Although this chronic pain has been known to be induced by glial activation and altered nociceptive transmission within the spinal cord, an effective treatment is still insufficient, suggesting that novel therapeutic targets are critically needed. One such target may be the remodeling of synaptic connections in the primary somatosensory (S1) cortex that is highly associated with the severity of neuropathic mechanical allodynia.
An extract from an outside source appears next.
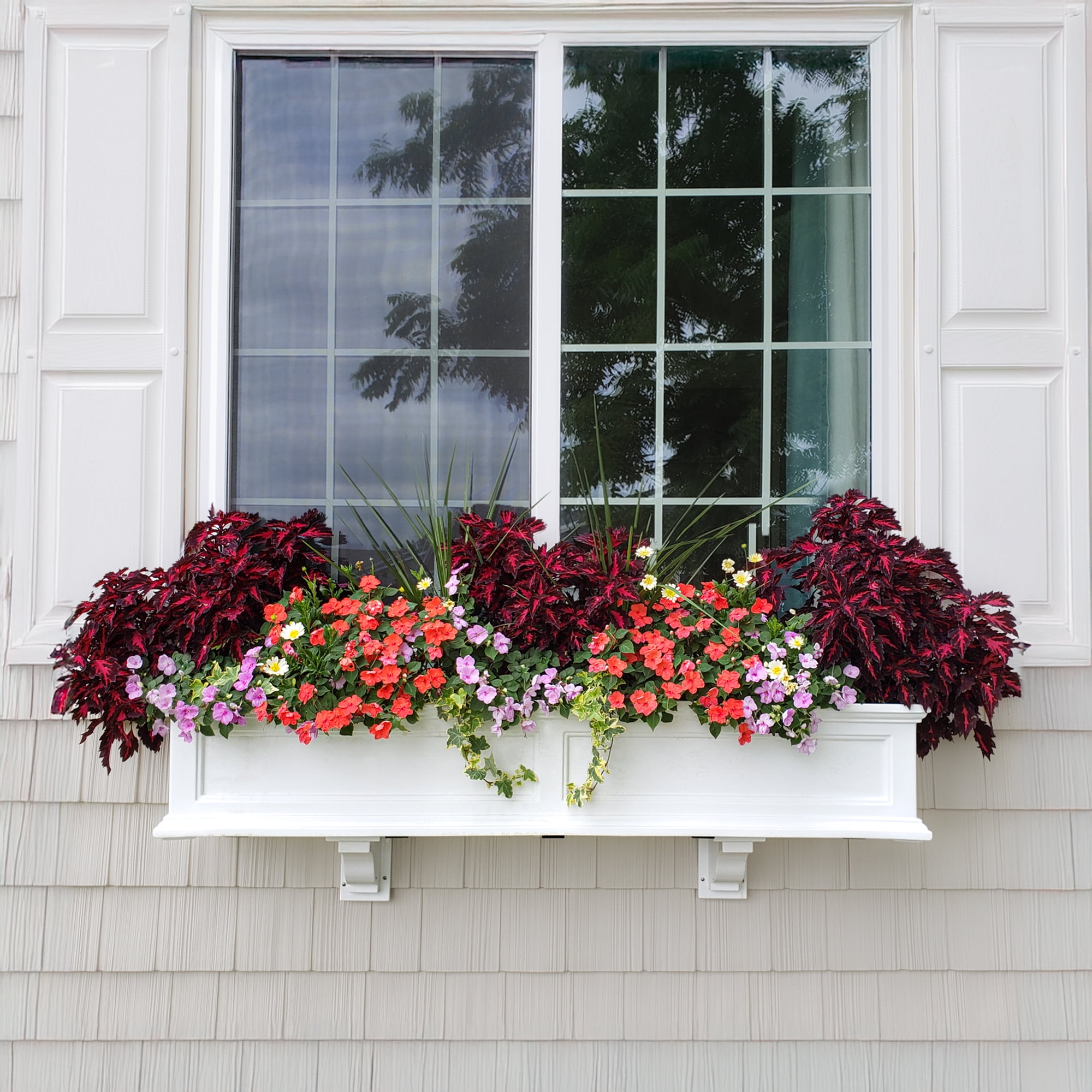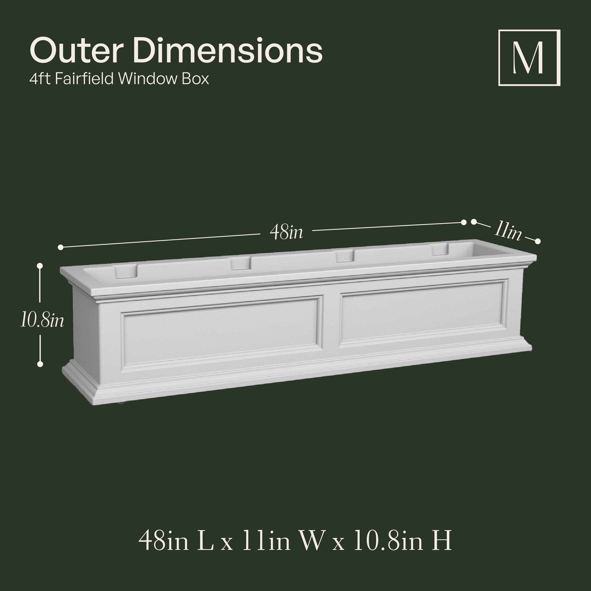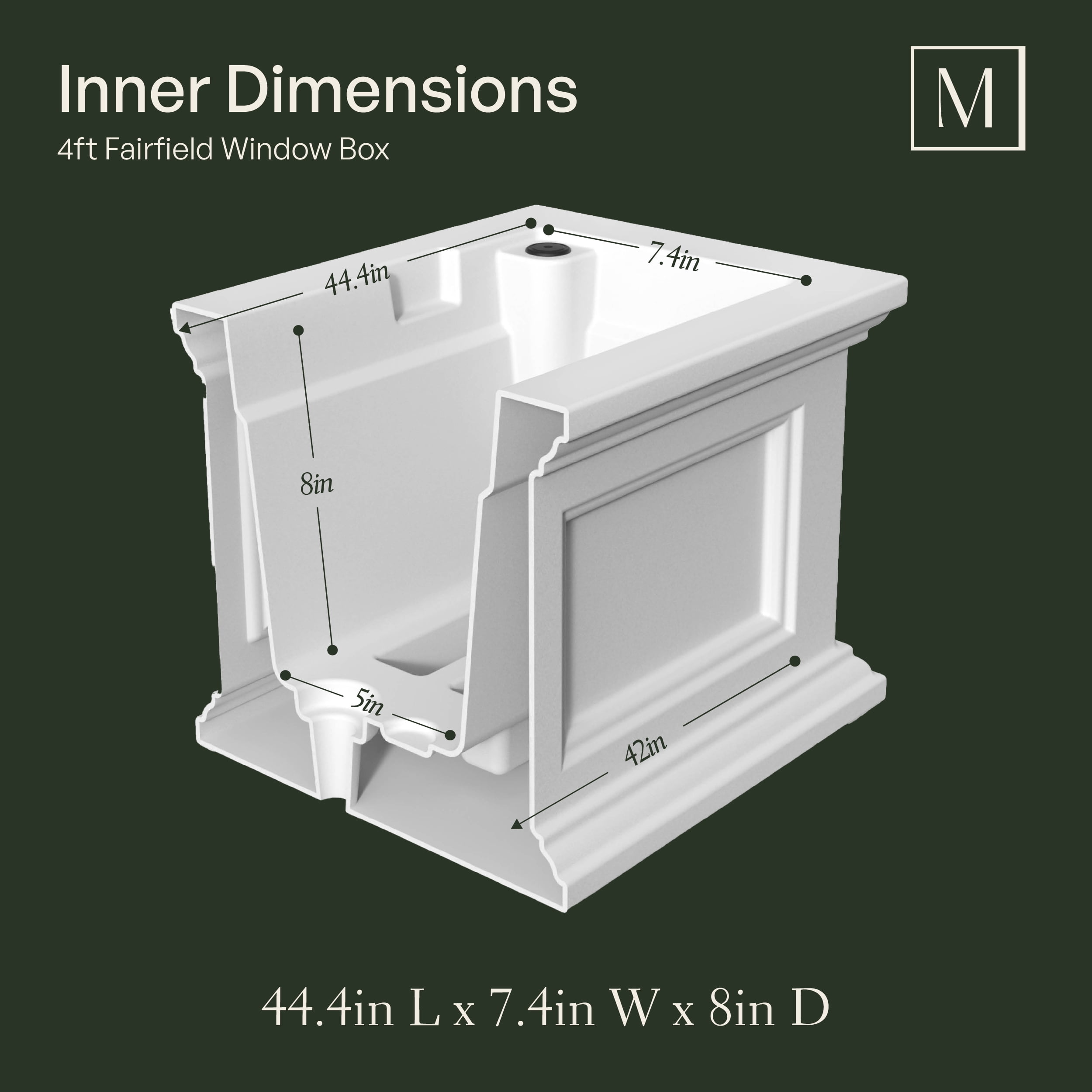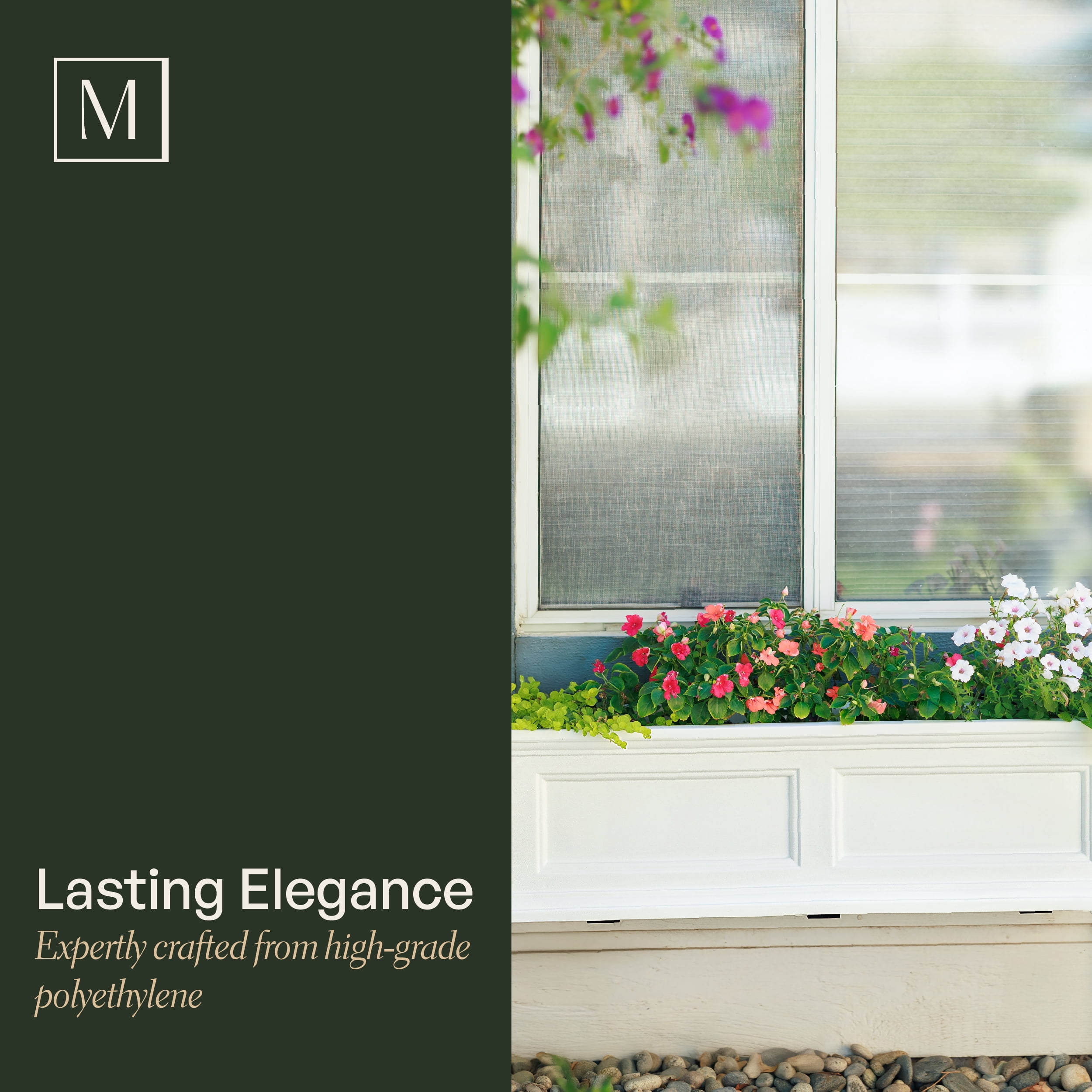 Self watering feature keeps plants consistently hydrated and healthy, reducing maintenance while ensuring lush, thriving displays that enhance any indoor or outdoor space UV fade resistant polyethylene maintains its rich color while providing durable protection against sun exposure and harsh weather for lasting outdoor performance Includes durable steel wall mount brackets for secure installation, with complementary accessories sold separately to customize and complete your setup with ease Engineered for reliable all season performance with integrated overflow drainage that protects roots, prevents overwatering, and promotes strong, healthy growth Outer Dimensions: 48in L x 11in W x 11in H Inner Dimensions: 45in L x 7.5in W x 8in H Weight: 20lb Soil Capacity: 9.5 Gal Water Reservoir Capacity: 4 Gal Clean with mild soap, water, and a soft cloth; rinse with a hose or gently power wash surfaces to maintain a fresh, clean appearance and keep your product looking new

However, the causal relationship of S1 synapse remodeling to mechanical allodynia and its underlying cellular/molecular mechanisms remain unknown. Furthermore, whether and how glial cells contribute to S1 synaptic plasticity is still unclear. Using in vivo two-photon microscopy imaging with genetic and pharmacological manipulations, here we show that partial sciatic nerve ligation (PSL) injury induces an early re-emergence of immature metabotropic glutamate receptor 5 (mGluR5) signaling in S1 astrocytes, which elicits spontaneous somatic Ca2+ transients, thrombospondin-1 release and synapse formation. Such activation of S1 astrocytes was evident only during a critical period (~1w post-injury), correlating with the temporal changes in S1 extracellular glutamate levels and dendritic spine turnover following PSL injury. Blocking this astrocytic signaling pathway suppressed mechanical allodynia, while activating this pathway in the absence of injury induced long-lasting (>1 month) allodynia. Thus, these synaptogenic astrocytes are a key trigger for S1 synaptic rewiring that mediates neuropathic pain mechanical allodynia.


Selected publications

1. S.K. Kim and J. Nabekura, (2011) Journal of Neuroscience. 31, 5477-5482.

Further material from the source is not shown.